Among these SSL localization methods, TDOA method is more suitable for robot auditions, in which the azimuth and horizontal distance of a sound source should be determined in real-time. So, the localization methods considered here are all based on TDOA technique. The basic idea of SSL based on TDOA technique is using the observed time difference between signals of a sound source arriving two microphones to construct a hyperboloid in space, on which the location of the sound source can be constrained to lie [17]. According to the idea, TDOA-based localization technique can be divided into two steps, including the step of time delay estimation (TDE) to compute the time delays between the sound source and each sensor of a microphone array; the step of localization to compute the direction and position of the sound source based on the geometric model of the microphone array.

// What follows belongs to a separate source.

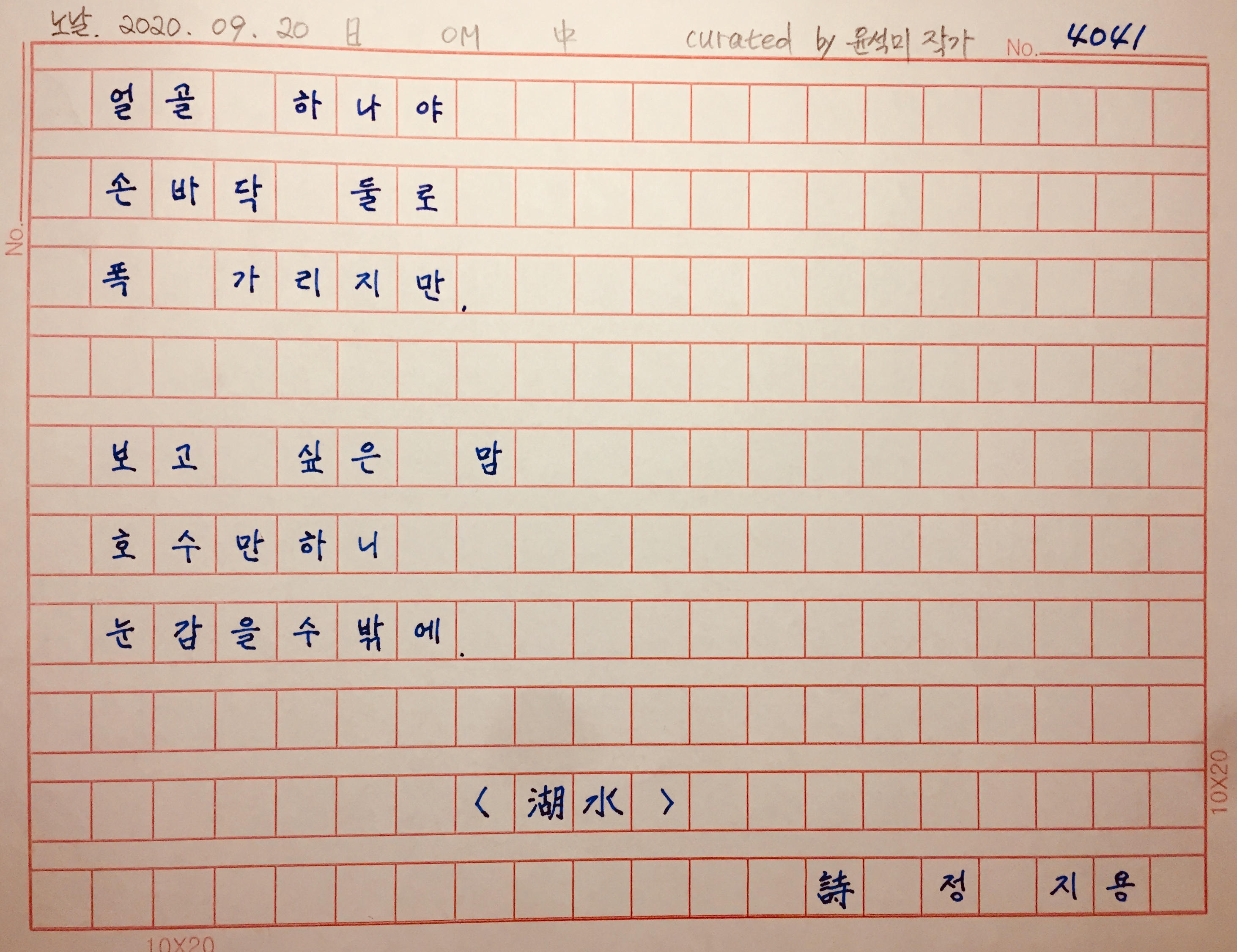제목인 호수도 한글이 아니라 한자로 湖水였습니다."

The accuracy of TDE estimation is related to the performance of a SSL system. Some research results show, as the source is moved further away from the robot, an important error growth in distance estimation, as opposed to azimuth and elevation estimation [6]. The generalized cross-correlation (GCC) method weighted by the phase transform (PHAT) is by far the most used in TDE technique for single direction-of-arrival estimation in robot audition because of its robustness and easy implementation. The paper just gives some related research works based on GCC-PHAT method.

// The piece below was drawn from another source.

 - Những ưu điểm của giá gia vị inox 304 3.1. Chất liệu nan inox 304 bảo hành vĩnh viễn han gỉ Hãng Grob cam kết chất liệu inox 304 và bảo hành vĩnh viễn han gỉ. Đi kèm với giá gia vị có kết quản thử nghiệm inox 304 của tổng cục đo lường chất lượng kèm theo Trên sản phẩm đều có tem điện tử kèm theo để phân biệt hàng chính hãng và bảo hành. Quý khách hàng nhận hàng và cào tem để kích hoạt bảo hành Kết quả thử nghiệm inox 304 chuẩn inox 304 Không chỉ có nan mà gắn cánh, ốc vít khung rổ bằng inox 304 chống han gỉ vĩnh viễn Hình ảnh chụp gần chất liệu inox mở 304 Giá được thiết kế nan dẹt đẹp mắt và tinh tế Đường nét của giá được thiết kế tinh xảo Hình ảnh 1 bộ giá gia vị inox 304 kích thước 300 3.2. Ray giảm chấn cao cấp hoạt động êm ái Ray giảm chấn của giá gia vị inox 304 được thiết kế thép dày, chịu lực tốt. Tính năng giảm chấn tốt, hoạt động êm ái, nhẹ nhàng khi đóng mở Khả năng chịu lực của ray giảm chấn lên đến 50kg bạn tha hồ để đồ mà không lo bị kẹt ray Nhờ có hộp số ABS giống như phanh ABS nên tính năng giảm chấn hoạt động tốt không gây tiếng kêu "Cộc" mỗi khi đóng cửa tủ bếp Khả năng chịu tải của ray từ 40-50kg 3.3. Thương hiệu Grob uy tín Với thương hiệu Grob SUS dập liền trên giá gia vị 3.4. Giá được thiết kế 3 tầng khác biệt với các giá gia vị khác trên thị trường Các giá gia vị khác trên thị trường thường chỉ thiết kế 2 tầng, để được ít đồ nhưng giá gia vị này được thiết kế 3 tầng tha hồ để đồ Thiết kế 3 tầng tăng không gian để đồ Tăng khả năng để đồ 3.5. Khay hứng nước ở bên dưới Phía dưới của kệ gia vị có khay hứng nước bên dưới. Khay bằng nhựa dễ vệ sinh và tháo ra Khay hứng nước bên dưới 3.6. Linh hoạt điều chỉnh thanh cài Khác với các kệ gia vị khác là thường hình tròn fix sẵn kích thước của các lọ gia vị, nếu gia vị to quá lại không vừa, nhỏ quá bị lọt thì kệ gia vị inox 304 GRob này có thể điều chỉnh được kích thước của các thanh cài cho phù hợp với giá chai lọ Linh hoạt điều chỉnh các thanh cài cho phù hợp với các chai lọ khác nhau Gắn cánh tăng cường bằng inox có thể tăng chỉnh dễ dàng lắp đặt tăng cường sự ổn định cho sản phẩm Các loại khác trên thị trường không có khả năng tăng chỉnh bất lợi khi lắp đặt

Perez-Lorenzo et al. [18] evaluate some GCC methods in typical conditions of real scenarios with the presence of external, stationary, and in most cases, correlated noise sources. Chen et al. [19] analyze the performance of several weighting functions in TDOA algorithm based on GCC and indicate that PHAT weighting is the best choice for SSL using GCC method for its small fluctuations, sharp peak, and strong antijamming ability. Padoisa et al. [20] develop an improved GCC method to detect the source positions. The method introduces two criteria to improve the noise source map, which are based on the geometric properties of the microphone array, the scan zone whereas, and the energy of the spatial likelihood function, respectively. Valind et al. [15] develop an estimate method based on GCC-PHAT to compute the time delay by suppressing the impact of narrowband noise by adjusting the weight according to the different signal noise ratios (SNR). In view of the problems of diffraction and ambiguity of SSL technique based on GCC-PHAT method used on a binaural robot platform, Kim et al. [21] develop an improved SSL method to overcome the diffraction problem by incorporating a new time delay factor into GCC-PHAT method under the assumption of a spherical robot head and the ambiguity problem by utilizing a amplification effect of the pinnae for localization over the entire azimuth. Zhang et al. [22] propose a comprehensive PHAT method and a maximum likelihood method based on GCC to reduce the influence of reverberation on the signal effectively, which obtains more accurate time difference estimations.

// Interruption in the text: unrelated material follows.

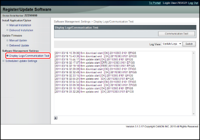 Press [Software Management Settings] → [Select Log Display] → [Display Update Logs].
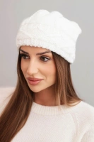 Czapka damska zimowa z wełną o grubym splocie warkoczowym K481 biała

#### 3. Method of Sound Source Localization Based on Rectangular Pyramid

##### 3.1. Principle of Sound Source Localization

As shown in Figure 1, S is a sound source, and M_{1}, M_{2}, and M_{3} are three microphones. is the time difference of S propagating to two microphones M_{1} and M_{2}. From the nature of the hyperbolic curve, the absolute value of any distance from the two points on the hyperbolic curve is constant, that is, the length of the real axis. Thus, the sound source will be located on the branch line of the hyperbolic curve near M_{1}, which takes the positions of the two microphones as the focal points, and the distance difference of the sound source is the length of the real axis. Multiple hyperbolic curves can be obtained when multiple microphones are used, and the intersection point of multiple hyperbolic curves is the position of the sound source [23].